* PROBLEM REQUIREMENTS:
All lines from the one containing "Die gesamte Wohnfläche" through the last line of the listing below are to be copied exactly. Exclude the pictures.

/---

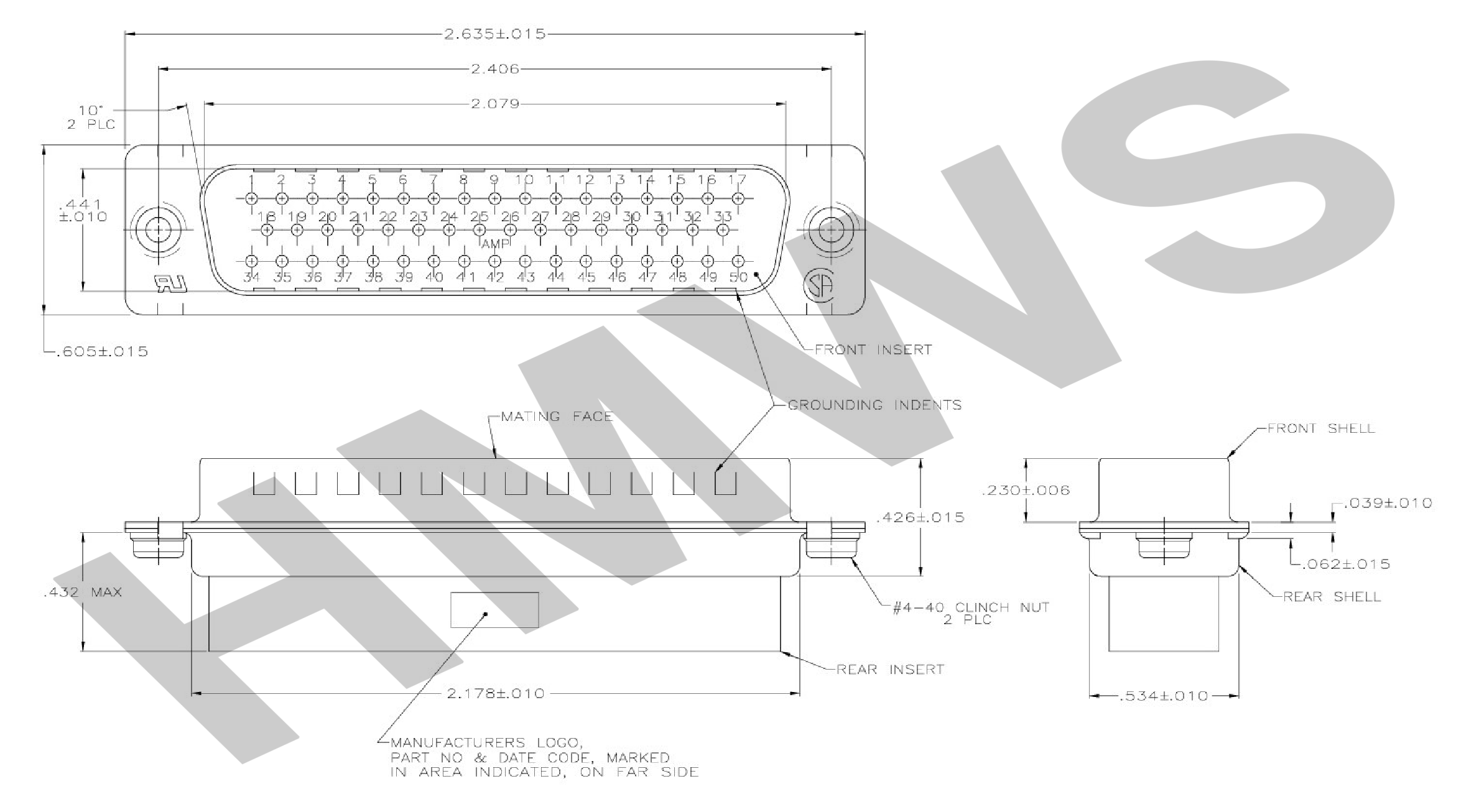 CH4881 - CONNECTOR MALE 50 WAY UNSEALED
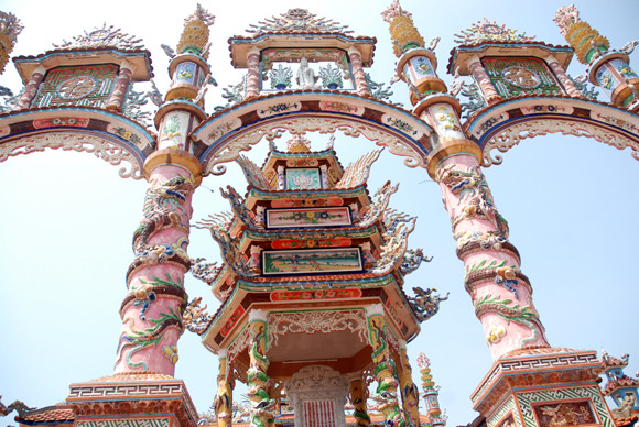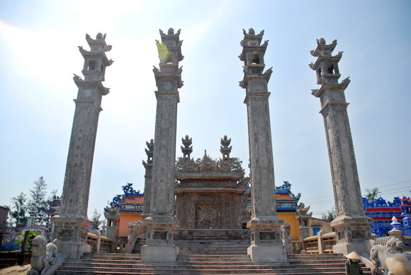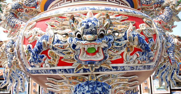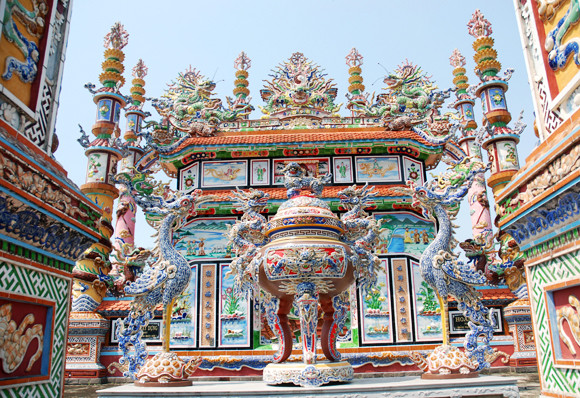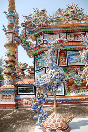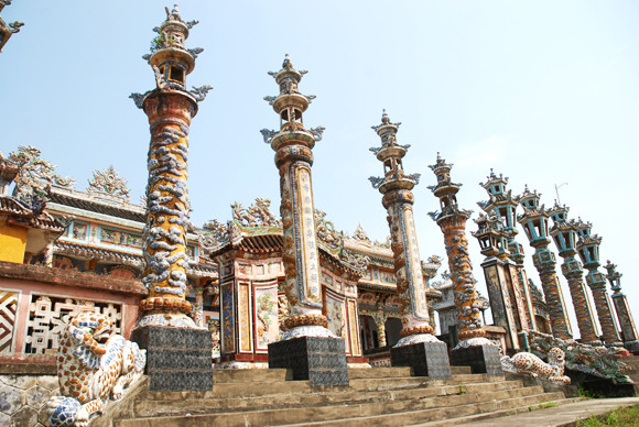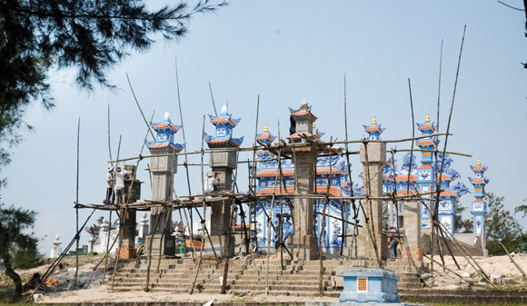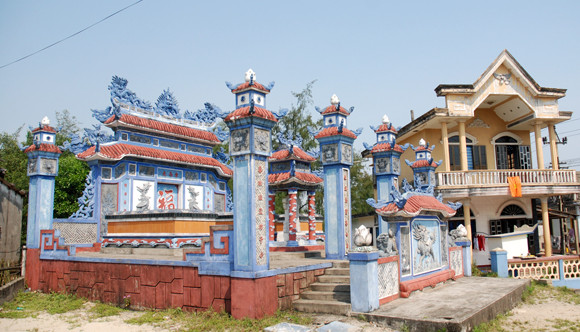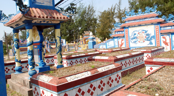 Bên cạnh quy mô thì sự cầu kỳ trong việc thể hiện các chi tiết cho thấy mức độ "hoành tráng" của mỗi ngôi mộ. Ở đây, các ngôi mộ được ốp sành sứ theo kiến trúc chùa chiền Huế. Sự tinh xảo, tỉ mỉ trong công đoạn ốp sành sứ thể hiện "đẳng cấp" mỗi khu mộ.
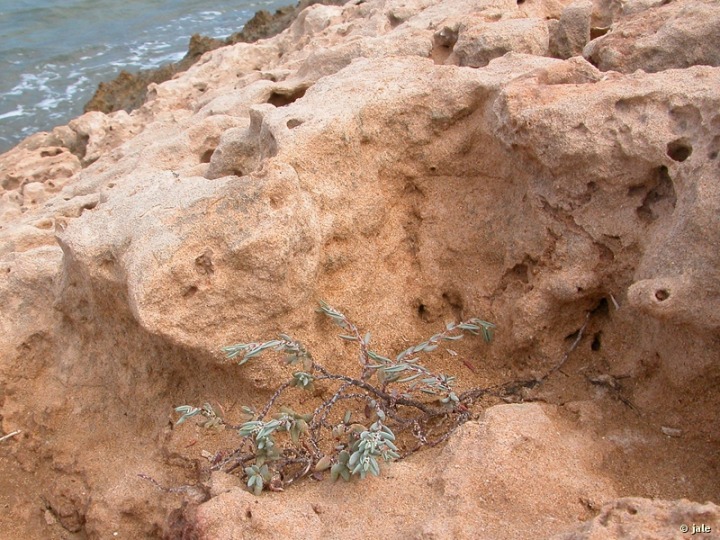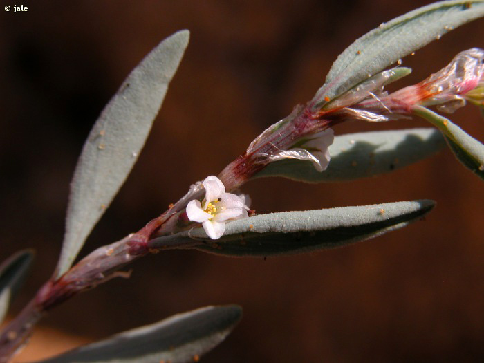 Planta perenne, sufruticosa, cubierta de papilas. Tallos postrados, ramificados, las ramillas jóvenes ascendentes, erectas, las ramillas viejas sin hojas, algo leñosas, parduscas. Hojas lanceoladas, de hasta 2,5 cm, sin peciolo, o con peciolo muy corto, nada aparente, carnosas, verde grisáceas, con el margen revuelto hacia atras y nervios marcados en el envés. Estípulas soldadas en la base de las hojas, dando lugar a una estructura que rodea al tallo, la ócrea, membranosa, transparente, laciniada, con estrias rojizas. Flores axilares, solitarias o en grupos de 2-4, con cinco piezas soldadas, blancas o algo rosadas y 8 estambres. Fruto de tipo aquenio.
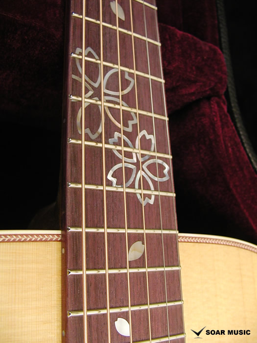 また、ヘッドインレイ・指板インレイ・ピックガードのデザインも一新。桜の花びらをモチーフにしたデザインで、インレイ材は”ピンクパール”を使用しました。
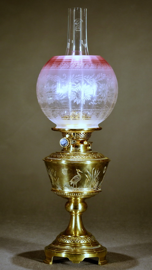 Der Sockel und die Vase bestehen aus sehr dickem, schwerem Messingblech. Die Lampe hat eine Pokalform. Im Sockel ist ein Eisengewicht zum Beschweren angebracht, das allerdings keinerlei Bezeichnung trägt. Sockel und Bassin-Deckel weisen gleiche Verzierungen auf. An der Vase sind zusätzlich Verzierungen in Form von Vögeln und Pflanzen gepunzt. Das Bassin selbst ist aus klarem Glas mit dem passenden Messingdeckel.
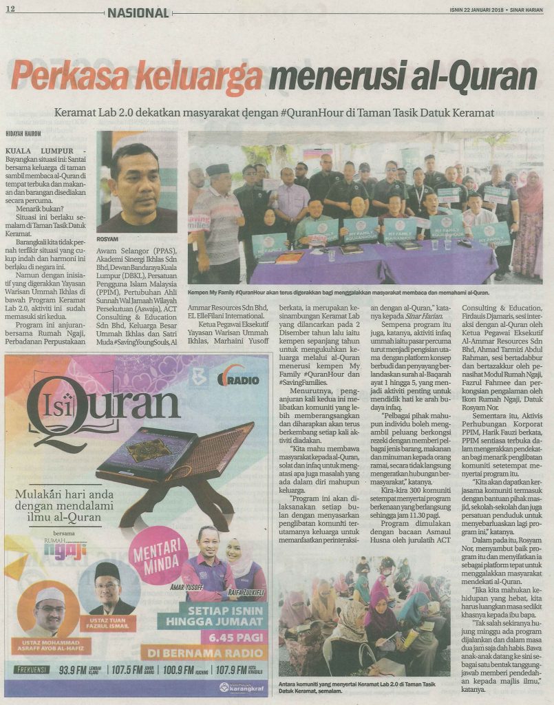 Ketua Pegawai Eksekutif Yayasan Warisan Ummah Ikhlas, Marhaini Yusof berkata, ia merupakan kesinambungan KeramatLab yang dilancarkan pada 2 Disember tahun lalu iaitu kempen sepanjang tahun untuk mengukuhkan keluarga melalui al-Quran menerusi kempen My Family #Quran Hour dan #SavingFamilies.
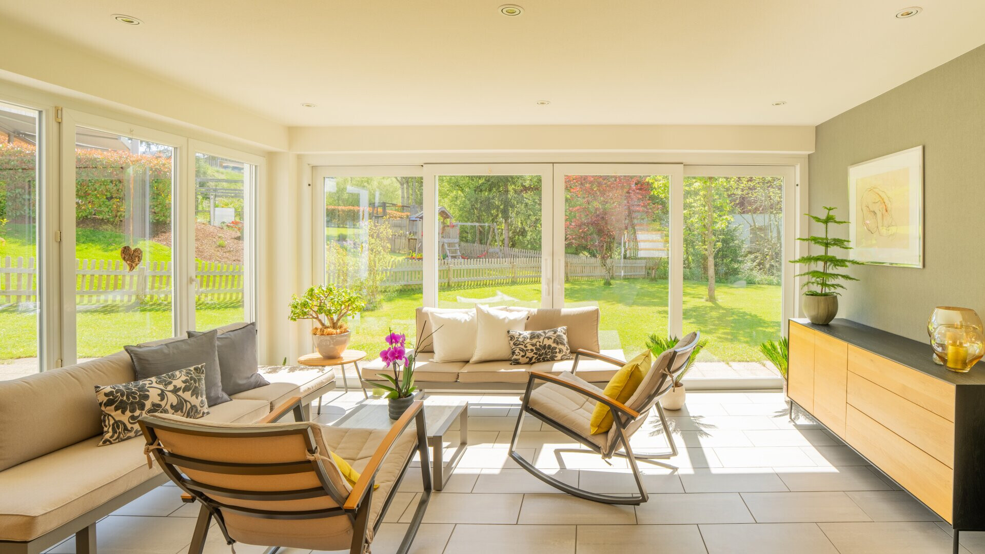Die gesamte Wohnfläche beträgt rund 170 m² und verteilt sich auf zwei Ebenen mit praktischer Raumaufteilung. Jeder Wohnraum bietet Zugang ins Freie. Im Erdgeschoss auf die großzügige Terrasse, im Untergeschoss direkt in den Garten.
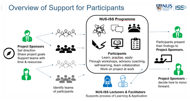 At the end of the programme, a Gallery Walk approach is used where each team showcases their discovery journey, learning and recommended solutions to their sponsors and stakeholders across agencies. Lecturers also designed a feedback mechanism where any of the invited guests can write comments and questions on post-it and paste it on the teams’ artefacts. This again provides cross-agency feedback and learning, which is both inspiring and highly motivating for the teams. Throughout the learning journey, learners are well supported (see Figure 2) and a high level of learning and application is achieved.

\---

* TASK RESPONSE:
Die gesamte Wohnfläche beträgt rund 170 m² und verteilt sich auf zwei Ebenen mit praktischer Raumaufteilung. Jeder Wohnraum bietet Zugang ins Freie. Im Erdgeschoss auf die großzügige Terrasse, im Untergeschoss direkt in den Garten.
 At the end of the programme, a Gallery Walk approach is used where each team showcases their discovery journey, learning and recommended solutions to their sponsors and stakeholders across agencies. Lecturers also designed a feedback mechanism where any of the invited guests can write comments and questions on post-it and paste it on the teams’ artefacts. This again provides cross-agency feedback and learning, which is both inspiring and highly motivating for the teams. Throughout the learning journey, learners are well supported (see Figure 2) and a high level of learning and application is achieved.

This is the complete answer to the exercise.